Wiesz, myślę że nie tyle potrzebujesz dobrego weta obeznanego w FIPie - co dobrego diagnosty który będzie miał na tyle dużą wiedzę by wziąć pod uwagę inne ewentualności i je po kolei powykluczać.
Bo diagnozę FIPa już masz.
Zmiany w gałkach ocznych przy FIPie są dosyć charakterystyczne - plus pewnie coś tam jeszcze się dzieje skoro na SGGW też taką diagnozę wysnuli - chyba że problem jest tylko z tymi oczami?
Przy założeniu że to FIP - tak naprawdę metod prowadzenia tak chorego kota nie ma strasznego wyboru
I tu wystarczy po prostu dobry lekarz - super jeśli już prowadził koty z FIPem, może mieć jakieś swoje wypracowane metody i czuć się dzięki temu pewniej, ale nie szukałabym jakiegoś konkretnego specjalisty w tym temacie na obecnym etapie.

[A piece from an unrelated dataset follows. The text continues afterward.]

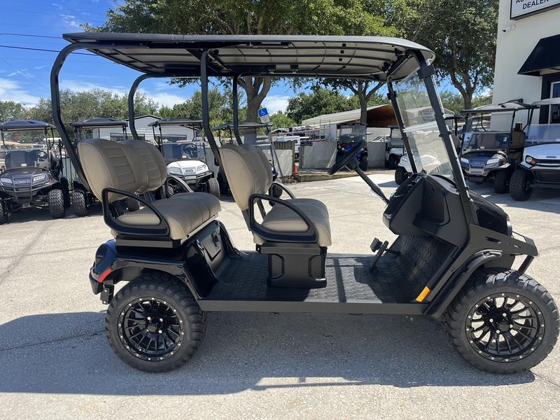 The 2025 E-Z-GO Liberty ELiTE Lithium in Black features four forward-facing seats, zero-maintenance Lithium power, IntelliBrake™ safety, and premium lighted cupholders.

Skoro ciągle masz nadzieję że to nie FIP - to szukaj dobrego diagnosty, kogoś z intuicją, widzą, otwartego na nietypowe przebiegi różnych chorób, nie bojącego sie eksperymentować a czasem i stawiać wszystkiego na jedną kartę.
Takim lekarzem jest dr. Kasia Mostowska - lekarka naszych kotów.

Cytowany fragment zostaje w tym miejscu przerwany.